* _Assigned task_:
Beginning with the line that holds "Lotto di quattro" and finishing with the line that holds "Decorate your baby's", repeat the listing exactly, leaving every picture out.

* _Material provided_:
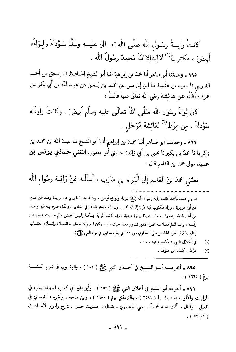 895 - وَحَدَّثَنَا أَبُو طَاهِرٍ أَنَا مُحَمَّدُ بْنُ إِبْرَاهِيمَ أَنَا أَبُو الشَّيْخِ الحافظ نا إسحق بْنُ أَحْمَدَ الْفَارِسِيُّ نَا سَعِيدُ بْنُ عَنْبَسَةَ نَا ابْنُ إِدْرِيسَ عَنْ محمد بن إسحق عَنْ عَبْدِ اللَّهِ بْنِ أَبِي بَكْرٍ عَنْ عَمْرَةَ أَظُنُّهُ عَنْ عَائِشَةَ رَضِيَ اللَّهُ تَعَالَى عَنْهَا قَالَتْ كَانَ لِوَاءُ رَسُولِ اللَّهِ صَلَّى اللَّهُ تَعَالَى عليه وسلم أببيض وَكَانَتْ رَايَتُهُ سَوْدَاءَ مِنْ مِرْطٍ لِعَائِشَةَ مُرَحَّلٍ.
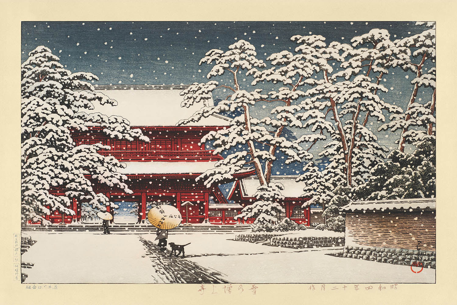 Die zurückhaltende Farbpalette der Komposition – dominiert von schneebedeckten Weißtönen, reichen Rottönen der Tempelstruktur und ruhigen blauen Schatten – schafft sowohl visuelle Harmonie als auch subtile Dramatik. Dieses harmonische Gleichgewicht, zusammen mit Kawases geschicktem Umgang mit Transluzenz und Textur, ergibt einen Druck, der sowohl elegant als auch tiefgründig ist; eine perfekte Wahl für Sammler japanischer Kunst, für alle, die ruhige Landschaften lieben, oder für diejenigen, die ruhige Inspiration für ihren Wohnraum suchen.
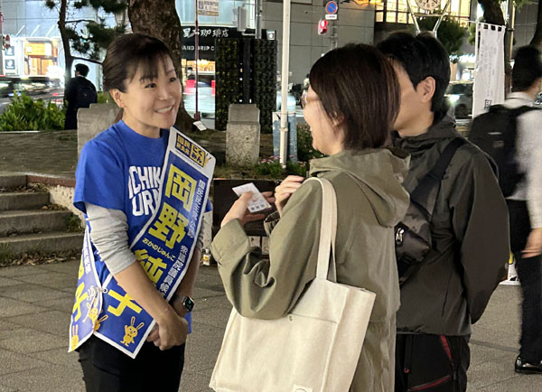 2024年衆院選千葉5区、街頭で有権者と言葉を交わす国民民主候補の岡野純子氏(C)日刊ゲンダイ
* * *
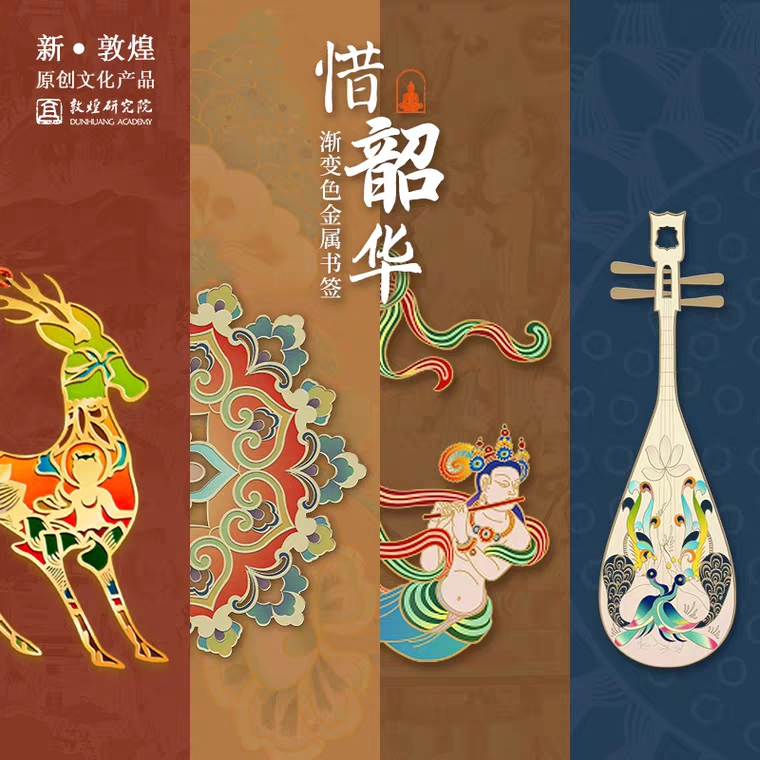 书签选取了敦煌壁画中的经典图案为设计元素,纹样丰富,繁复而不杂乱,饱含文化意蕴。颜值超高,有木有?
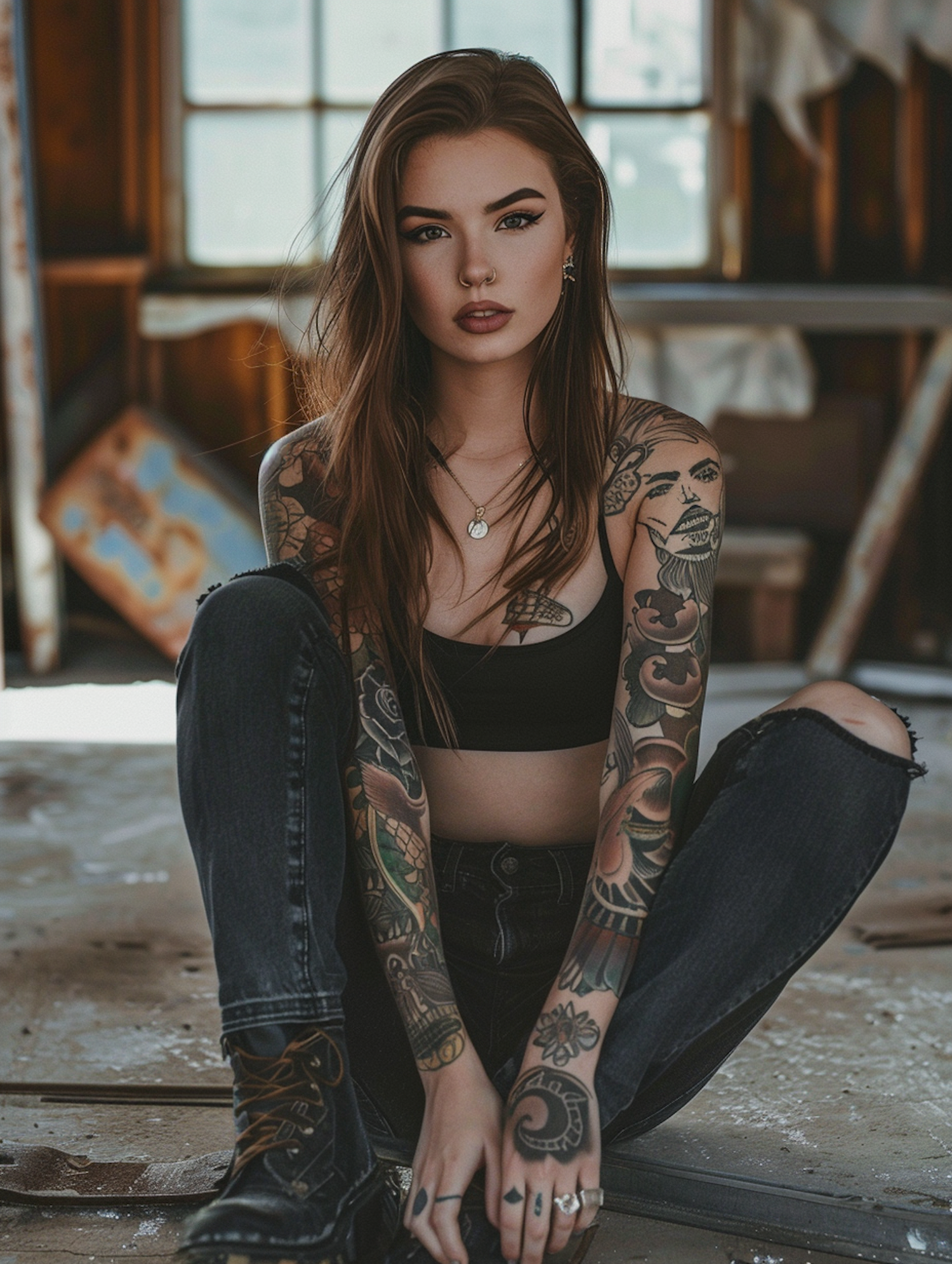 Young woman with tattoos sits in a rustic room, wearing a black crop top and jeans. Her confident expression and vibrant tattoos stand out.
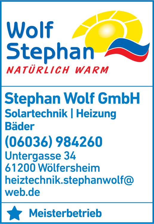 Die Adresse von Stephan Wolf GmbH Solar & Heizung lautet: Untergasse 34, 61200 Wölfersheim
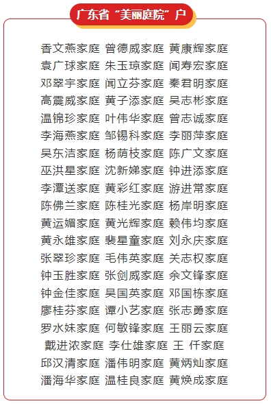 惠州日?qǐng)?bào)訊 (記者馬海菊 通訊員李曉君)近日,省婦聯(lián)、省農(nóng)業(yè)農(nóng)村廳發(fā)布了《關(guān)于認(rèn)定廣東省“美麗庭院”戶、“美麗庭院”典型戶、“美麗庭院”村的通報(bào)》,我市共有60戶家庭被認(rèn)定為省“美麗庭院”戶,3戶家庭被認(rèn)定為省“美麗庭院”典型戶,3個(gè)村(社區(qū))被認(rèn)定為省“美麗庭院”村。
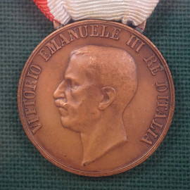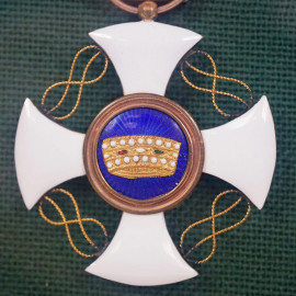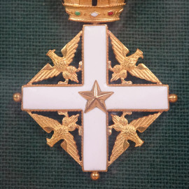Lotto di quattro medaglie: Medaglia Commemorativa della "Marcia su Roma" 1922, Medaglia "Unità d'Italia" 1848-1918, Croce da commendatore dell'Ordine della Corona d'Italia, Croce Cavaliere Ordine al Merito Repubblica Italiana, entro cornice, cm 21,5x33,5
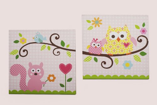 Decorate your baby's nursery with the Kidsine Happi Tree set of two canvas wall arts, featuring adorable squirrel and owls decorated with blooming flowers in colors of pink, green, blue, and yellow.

* _Written answer_:
Lotto di quattro medaglie: Medaglia Commemorativa della "Marcia su Roma" 1922, Medaglia "Unità d'Italia" 1848-1918, Croce da commendatore dell'Ordine della Corona d'Italia, Croce Cavaliere Ordine al Merito Repubblica Italiana, entro cornice, cm 21,5x33,5
 Decorate your baby's nursery with the Kidsine Happi Tree set of two canvas wall arts, featuring adorable squirrel and owls decorated with blooming flowers in colors of pink, green, blue, and yellow.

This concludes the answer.